In the example of FIG. 2, since both cases of data A2 and A3 acquired in the second phase from the node A are included in the candidate data, the decision device 223 decides that the final four cases of data to be finally output cannot be settled. In this case, the determination device 224 determines that the data is acquired from the node A in the next phase on the basis of the decision result of the decision device 223. Further, since the remaining number of unsettled cases is 1, the determination device 224 determines that one piece of data is acquired in the next phase.

Then, as a third phase, the data acquisition device 221 acquires the top one case of data from the cases of data that have not yet been acquired from the node A (P3 in FIG. 2). The sort processing device 222 merges the candidate data and the data acquired this time, sorts the merged cases of data, and stores resultant data in the storage device 230 as the decision data 232. The decision device 223 acquires the top four cases from the merged cases of data. In the example of FIG. 2, the data acquisition device 221 acquires the cases of data A1 to A4 as the top four cases of data to be finally output.

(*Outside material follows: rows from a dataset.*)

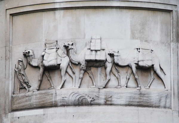 Well done to Carol Stanley – this is indeed located at 20 Eastcheap in the City of London. The building on the facade of which this relief of a camel train sits was formerly the offices of Peek Bros & Co, dealers in tea, coffee and spices. Peek House was built in 1883 after the previous structure, along with others on this side of Eastcheap, was demolished to make way for the Underground’s Metropolitan Line. The picture was carved by William Theed the Younger, who also sculpted the Africa group – including camel – on the Albert Memorial.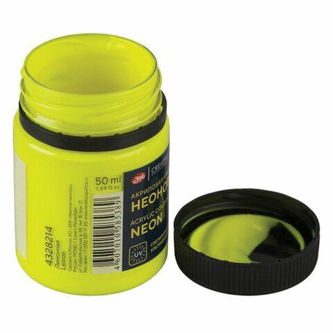 Краска акриловая 50 мл, флуоресцентная «Декола», банка, лимонная, 4328214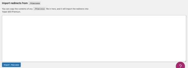 The third option is to import by copying the contents of a .htaccess file and pasting them into the text box. You can do this by copying the .htaccess file on one site and returning to Import redirects. Paste the file into the box and click the Import .htaccess button below the input field.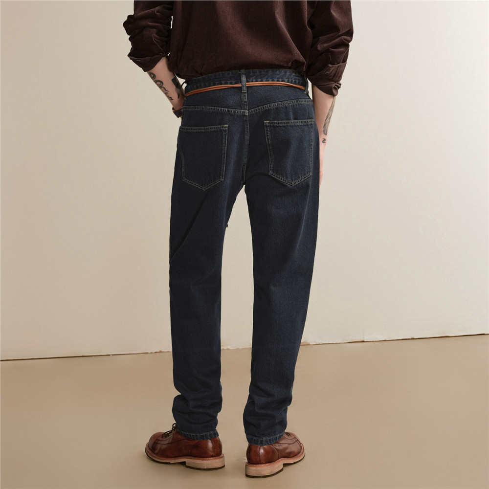 水洗重磅深蓝色牛仔裤|13oz冈山宽幅休闲长裤男直筒宽松中高腰秋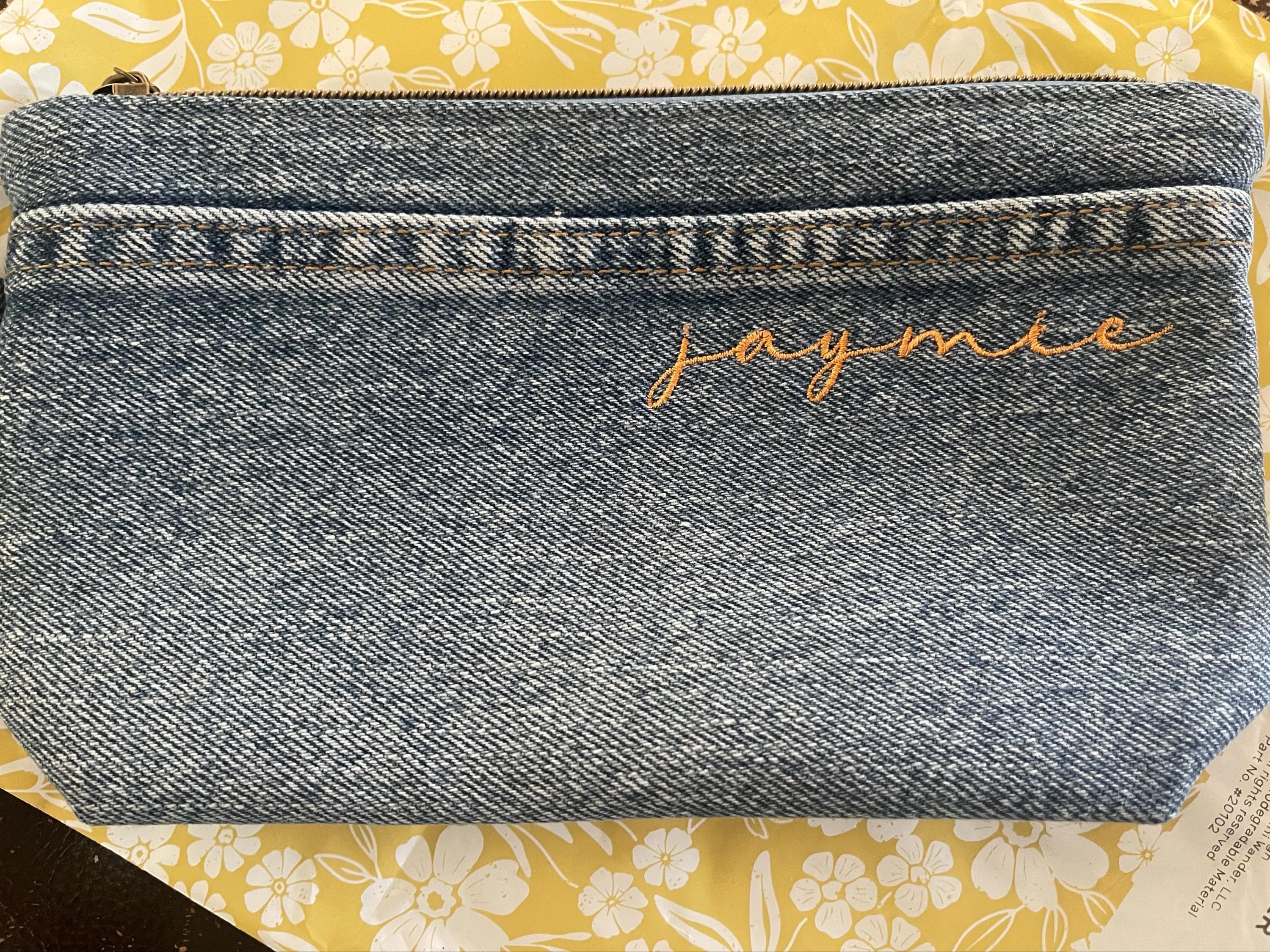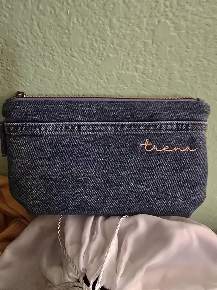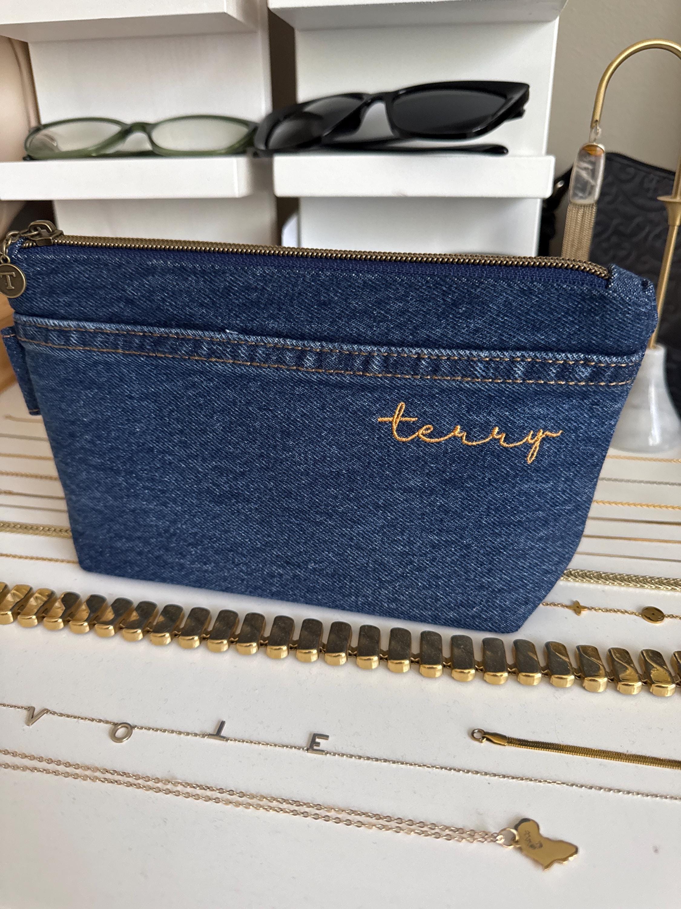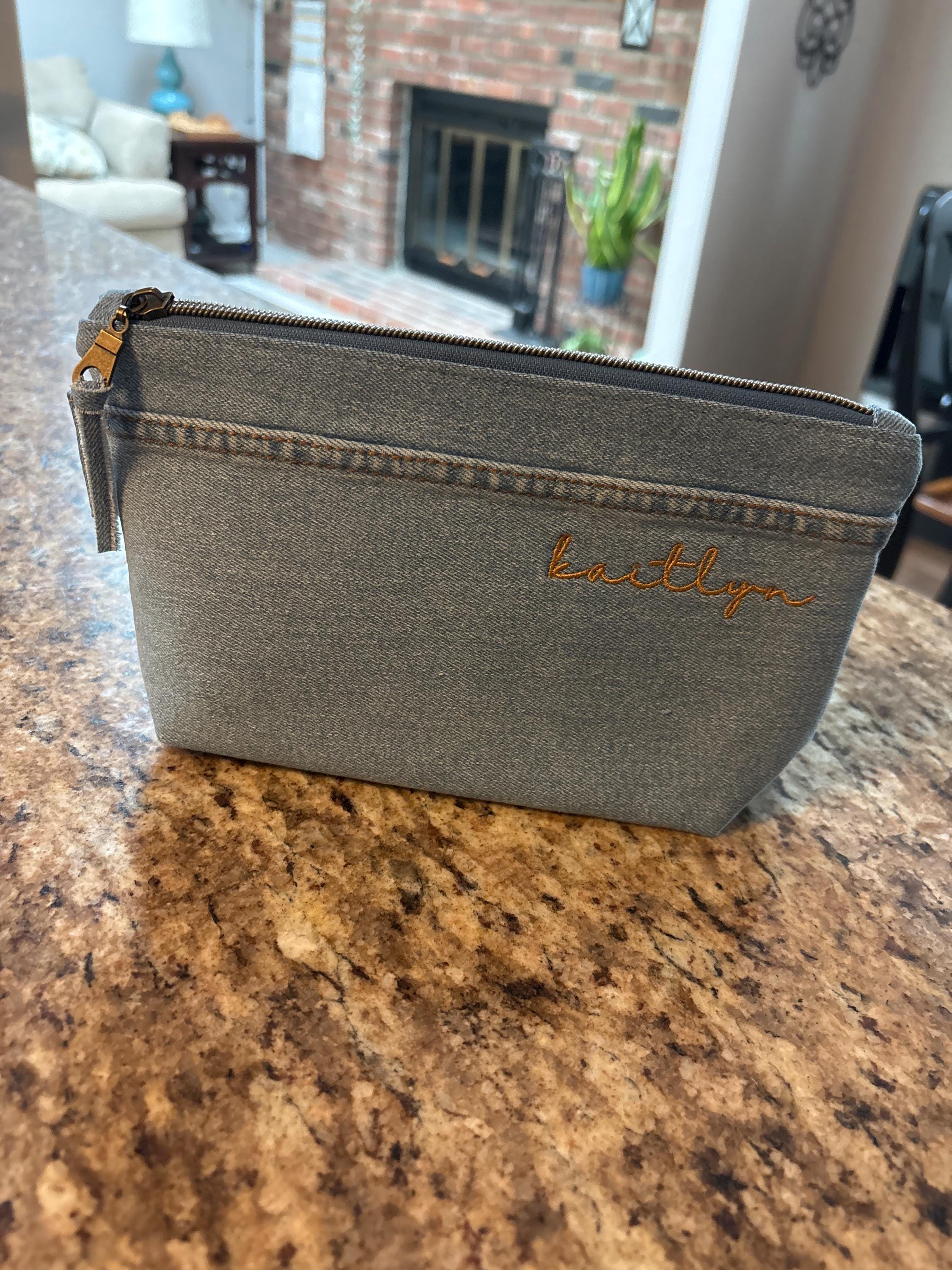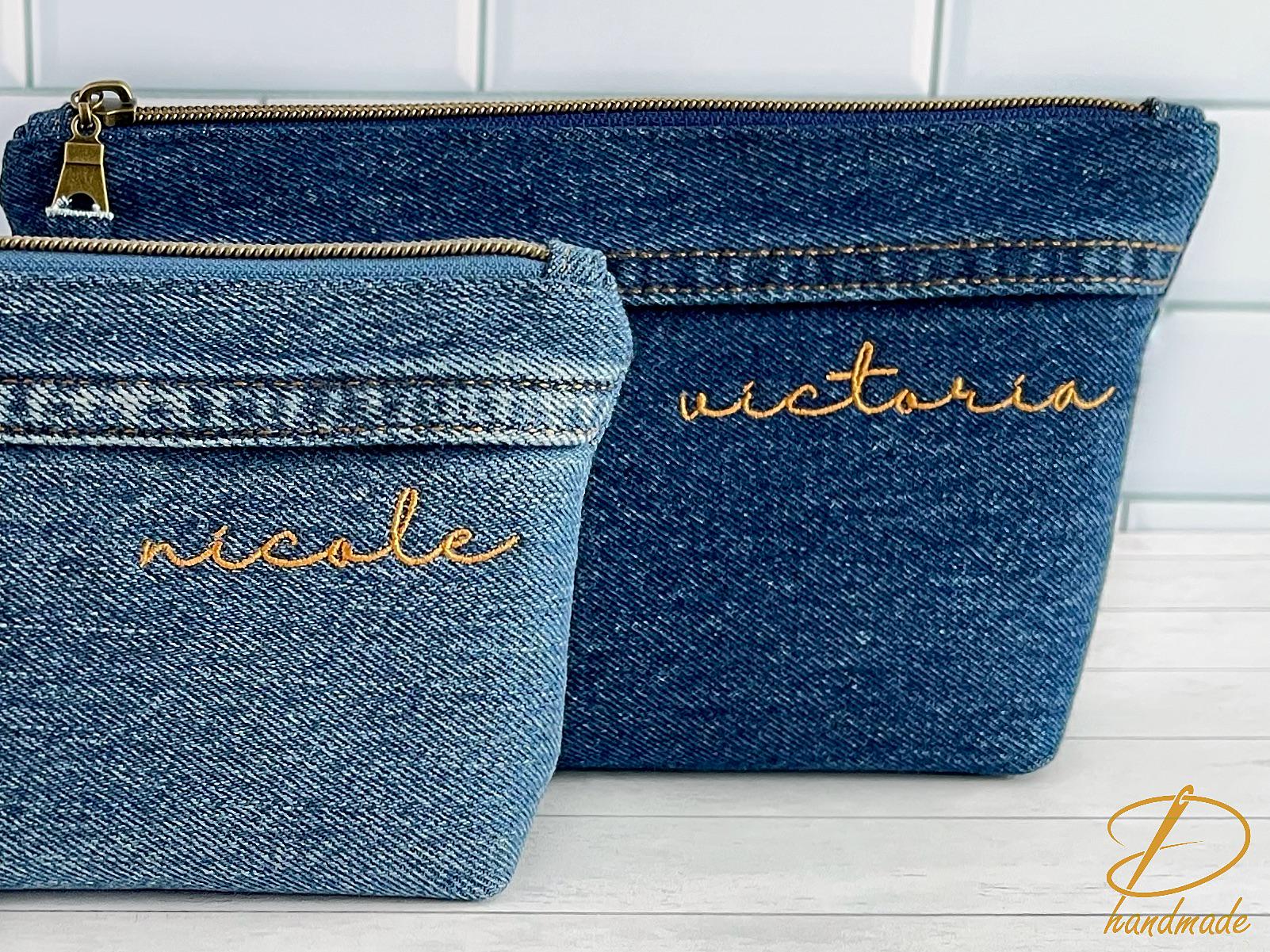 Personalized Upcycled Denim Zipper Pouch: Embroidered Makeup Bag Made From Real Jeans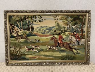 Vintage XL Needlepoint Hunting Scene Framed Wall Art$175Delray Beach, FL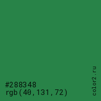 Цвет #288348 в цветовой модели RGB обозначается тремя октетами (40, 131, 72) в десятичном формате и #288348 в шестнадцатиричном (hex) формате, которые являются интенсивностью красного 40 (hex 28), интенсивность зелёного 131 (hex 83) и интенсивность синего 72 (hex 48).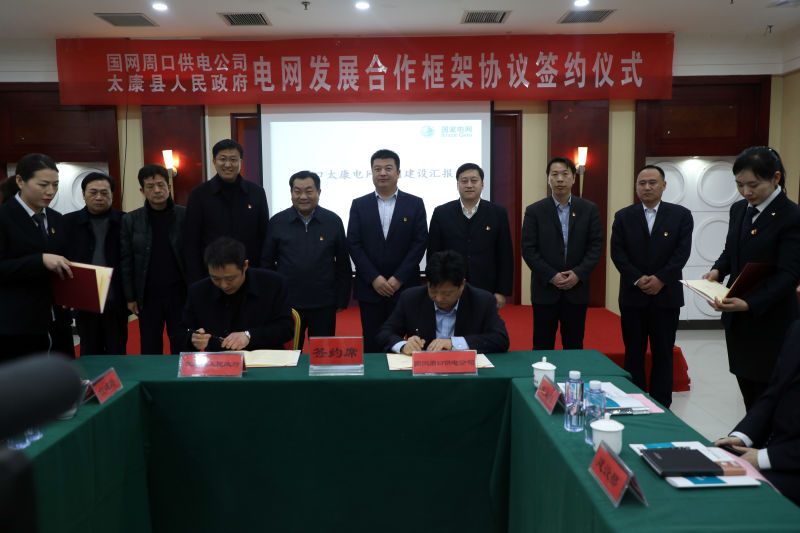 2月13日,太康縣人民政府與周口市供電公司舉行電網發展合作框架協議簽約儀式。周口市供電公司總經理郭雷、副總經理靳玉林,紀委書記、工會主席張浩,太康縣領導王國璽、董鴻、喬偉等出席簽約儀式。縣委常委、縣委辦公室主任董鴻主持簽約儀式。

FIG. 3 is a diagram illustrating the content of second processing of the query processing device 220 according to the first data acquisition scheme. The content of second processing is the content of processing in a case in which the number M of databases 300 in which cases of data that are targets is held is smaller than N (N>M) when the top N cases of data are acquired on the basis of the top-N query. A case in which N=10 and M=5 is shown in the example of FIG. 3.

In the content of second processing, as a first phase, the data acquisition device 221 acquires the number of cases of data obtained using a predetermined function. The predetermined function is, for example, 2*(N/M). Therefore, the data acquisition device 221 acquires top four cases (=2*(10/5)) of data from the nodes A to E (P1 of FIG. 3). The sort processing device 222 merges a total of 20 cases of data acquired from the respective nodes, sorts the merged cases of data, and stores resultant data in the storage device 230 as the decision data 232. The decision device 223 extracts the top ten cases of candidate data from the merged cases of data. Further, when all of the four cases of data acquired from each of the nodes A to E are not included in the candidate data and the top ten cases of candidate data can be extracted, the decision device 223 decides that the top ten cases to be finally output can be settled. Further, when the four cases of data acquired from one node are included in the candidate data, the decision device 223 decides that the top ten cases of data to be finally output cannot be settled.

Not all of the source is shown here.